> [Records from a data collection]
***

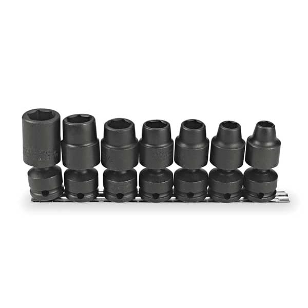 1/2" Drive Deep Universal Impact Socket Set SAE 7 Pieces 7/16 in to 13/16 in , Black Oxide
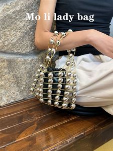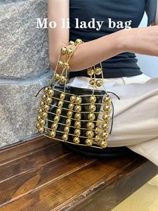 2025法式重工夸张金属镂空手工手串编织女手提包轻奢小众精致女包
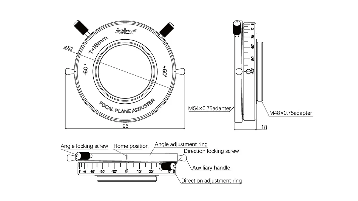 The Askar Focal Plane Adjuster offers an angle adjustment range of ±1° and is printed with 5′each scale for easy adjustment.
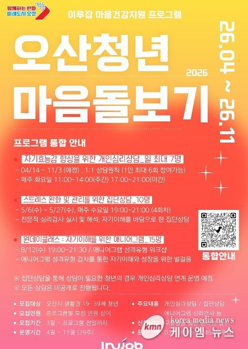 (케이엠뉴스) 오산시는 청년공간 ‘이루잡’이 지역 청년들의 정신건강 증진을 위해 ‘2026 오산청년 마음돌보기’ 프로그램을 오는 4월 14일부터 11월까지 운영한다고 밝혔다.
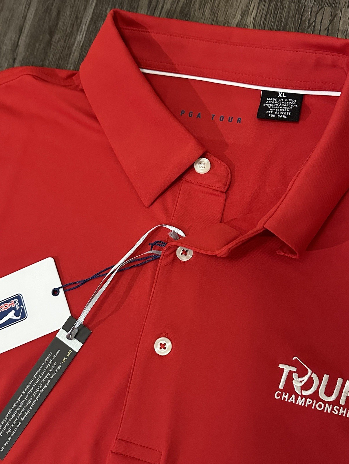 NWT Men s PGA Tour Championship UPF 50 Red Short Sleeve Golf Polo Shirt- XL
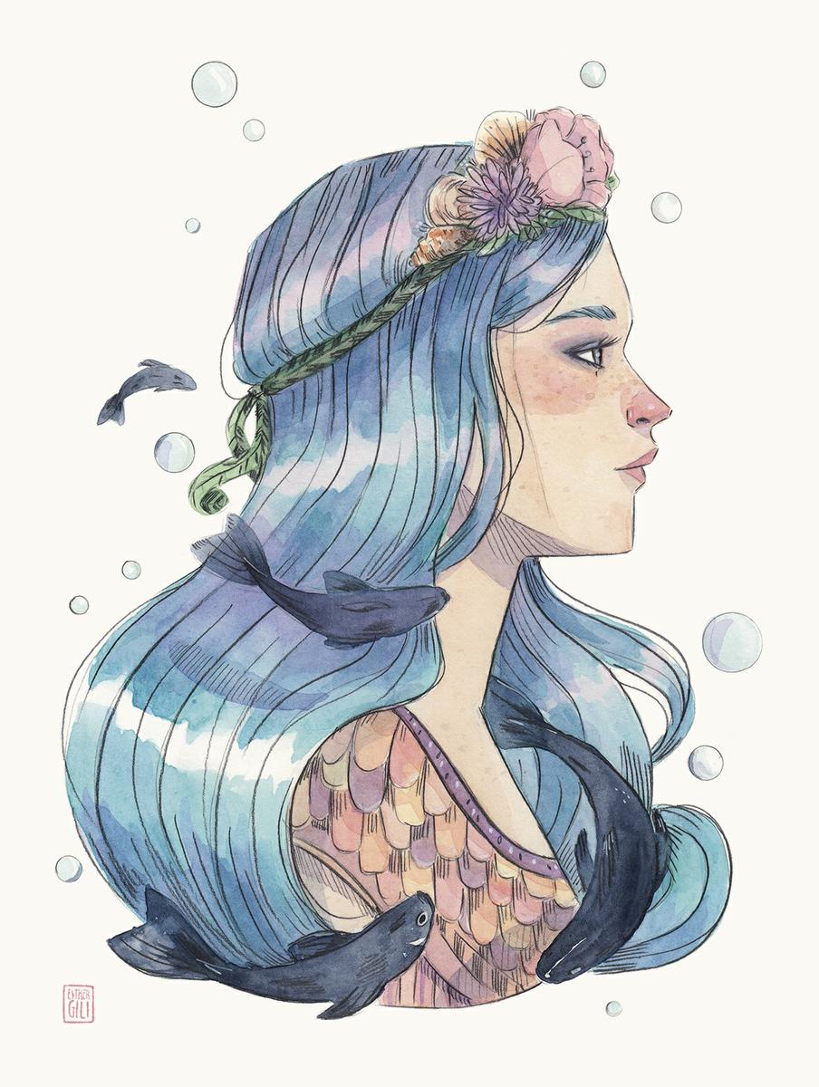 Runa es la encargada de las corrientes marinas, de sus trayectos y sus temperaturas. Algunas veces es posible verla divertirse y fluir con el plancton, las algas y los alevines más inquietos, a los que les gusta jugar al escondite entre su pelo. Dicen que su corona se la regaló la mismísima Océano en persona, que la mandó tejer a las deidades abisales, famosas por la delicadeza de sus trabajos trenzados a ciegas. Se dice también que en ella usaron elementos recolectados de los siete mares de la antigüedad y que guarda un gran poder, podría resultar peligrosa si cayese en malas manos. | Microrrelato de @wayaiu
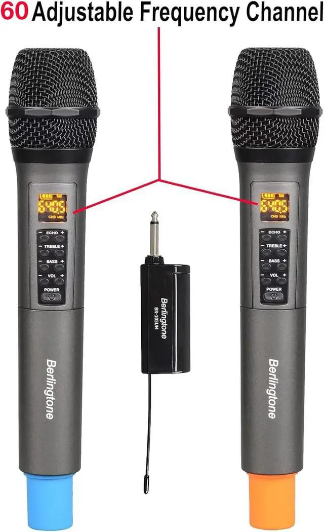 Wireless microphone system with echo/treble/bass, the wireless karaoke microphone set has echo, treble, bass control button, you can use different sound effects according to different songs The wireless mics have 60 channels, For karaoke, speech, meeting, conference, indoor, outdoor.
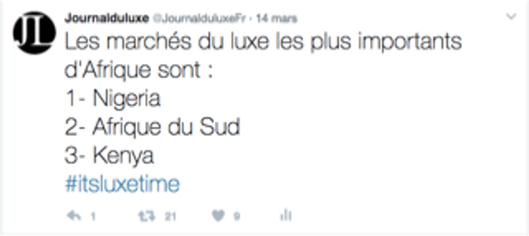 80% des achats de produits de luxe effectués par la population africaine sont faits hors du continent. Néanmoins, de plus en plus de jeunes marques locales émergent sur la scène internationale. Il s’agit d’une opportunité pour les Maisons de luxe et pour les marques, notamment européennes, de s’associer à ces dernières pour les aider dans leur développement et se nourrir de leurs connaissances des marchés locaux.
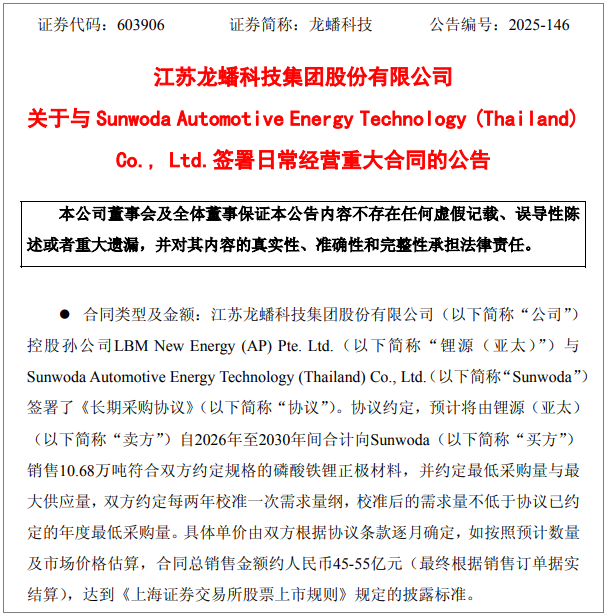 12月2日,龙蟠科技发布公告,其控股孙公司锂源与欣旺达汽车电池有限公司签署了《长期采购协议》。根据协议,自2026年至2030年,龙蟠科技预计将向后者销售共计10.68万吨磷酸铁锂正极材料,合同总销售金额预计在45亿至55亿元之间。这不仅为龙蟠科技带来了长期稳定的业绩预期,更揭示了中国电池产业链上下游在海外协同布局的新模式。
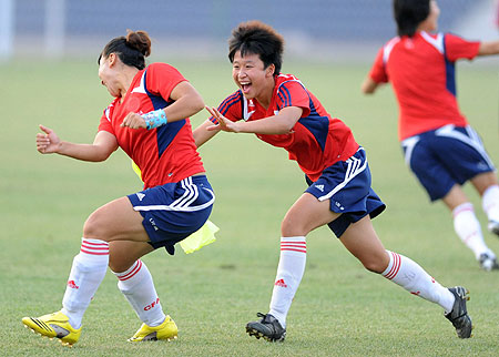 A light hearted warm up for the Chinese women's football team at the Tianjin Olympic Center Stadium, August 4, 2008. Their first Olympic football match is on August 6, 2008, against Sweden. [Xinhua]
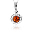 925 Sterling Silver & Genuine Baltic Amber Flower Small Pendant - 775
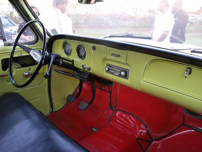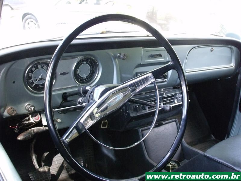 Por dentro da C-10. Volante de grande diâmetro, alavanca na coluna com três marchas, painel simples com velocímetro, marcador de temperatura da água, nível do tanque de combustível de 70 litros e luzes espia. Levava bem três passageiros na frente. No início da década de 70, tinha apenas dois faróis circulares na frente e para-choques na cor branca na versão básica.
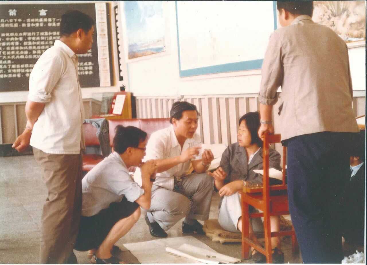 1980年,欧阳自远(中)和中德陨石联合研究小组成员讨论吉林陨石岩芯取样的相关问题。
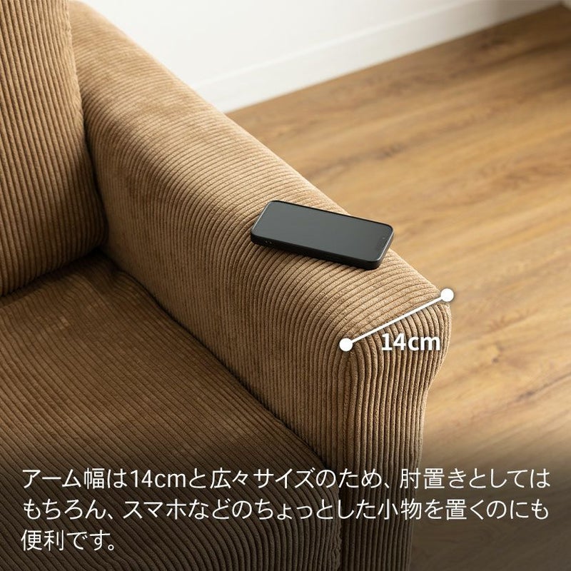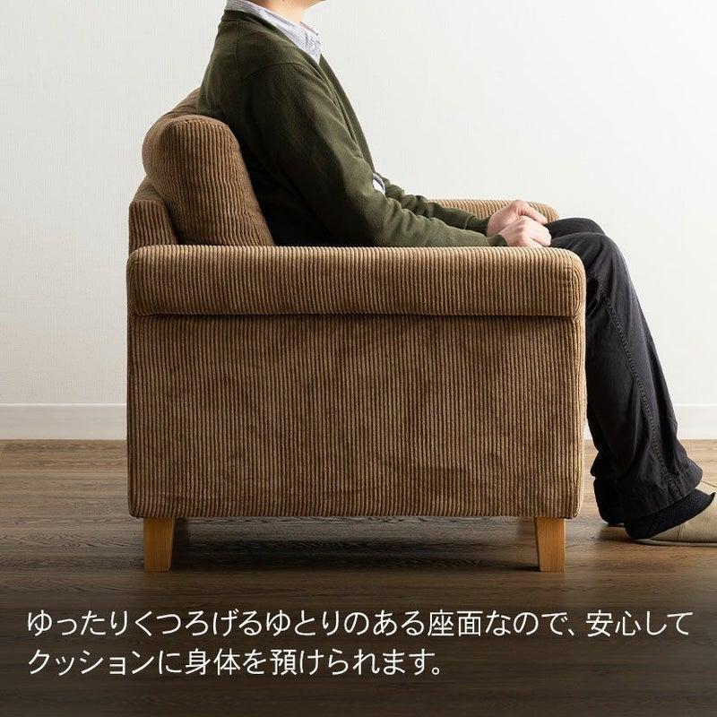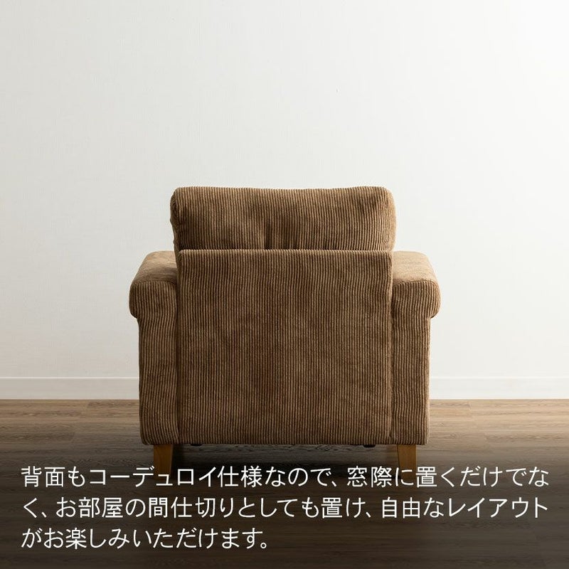 幅84cm 1人掛け コーデュロイ ソファ 2口コンセント付き 布張り ファブリック リビングソファ おしゃれ アメリカンヴィンテージ風 ラスティック ブラウン ルンバブル

***

> [WHAT IS BEING ASKED] The copy must match every line of the data exactly and contain no pictures.

> [SOLVED PROBLEM]
 1/2" Drive Deep Universal Impact Socket Set SAE 7 Pieces 7/16 in to 13/16 in , Black Oxide
 2025法式重工夸张金属镂空手工手串编织女手提包轻奢小众精致女包
 The Askar Focal Plane Adjuster offers an angle adjustment range of ±1° and is printed with 5′each scale for easy adjustment.
 (케이엠뉴스) 오산시는 청년공간 ‘이루잡’이 지역 청년들의 정신건강 증진을 위해 ‘2026 오산청년 마음돌보기’ 프로그램을 오는 4월 14일부터 11월까지 운영한다고 밝혔다.
 NWT Men s PGA Tour Championship UPF 50 Red Short Sleeve Golf Polo Shirt- XL
 Runa es la encargada de las corrientes marinas, de sus trayectos y sus temperaturas. Algunas veces es posible verla divertirse y fluir con el plancton, las algas y los alevines más inquietos, a los que les gusta jugar al escondite entre su pelo. Dicen que su corona se la regaló la mismísima Océano en persona, que la mandó tejer a las deidades abisales, famosas por la delicadeza de sus trabajos trenzados a ciegas. Se dice también que en ella usaron elementos recolectados de los siete mares de la antigüedad y que guarda un gran poder, podría resultar peligrosa si cayese en malas manos. | Microrrelato de @wayaiu
 Wireless microphone system with echo/treble/bass, the wireless karaoke microphone set has echo, treble, bass control button, you can use different sound effects according to different songs The wireless mics have 60 channels, For karaoke, speech, meeting, conference, indoor, outdoor.
 80% des achats de produits de luxe effectués par la population africaine sont faits hors du continent. Néanmoins, de plus en plus de jeunes marques locales émergent sur la scène internationale. Il s’agit d’une opportunité pour les Maisons de luxe et pour les marques, notamment européennes, de s’associer à ces dernières pour les aider dans leur développement et se nourrir de leurs connaissances des marchés locaux.
 12月2日,龙蟠科技发布公告,其控股孙公司锂源与欣旺达汽车电池有限公司签署了《长期采购协议》。根据协议,自2026年至2030年,龙蟠科技预计将向后者销售共计10.68万吨磷酸铁锂正极材料,合同总销售金额预计在45亿至55亿元之间。这不仅为龙蟠科技带来了长期稳定的业绩预期,更揭示了中国电池产业链上下游在海外协同布局的新模式。
 A light hearted warm up for the Chinese women's football team at the Tianjin Olympic Center Stadium, August 4, 2008. Their first Olympic football match is on August 6, 2008, against Sweden. [Xinhua]
 925 Sterling Silver & Genuine Baltic Amber Flower Small Pendant - 775
 Por dentro da C-10. Volante de grande diâmetro, alavanca na coluna com três marchas, painel simples com velocímetro, marcador de temperatura da água, nível do tanque de combustível de 70 litros e luzes espia. Levava bem três passageiros na frente. No início da década de 70, tinha apenas dois faróis circulares na frente e para-choques na cor branca na versão básica.
 1980年,欧阳自远(中)和中德陨石联合研究小组成员讨论吉林陨石岩芯取样的相关问题。
 幅84cm 1人掛け コーデュロイ ソファ 2口コンセント付き 布張り ファブリック リビングソファ おしゃれ アメリカンヴィンテージ風 ラスティック ブラウン ルンバブル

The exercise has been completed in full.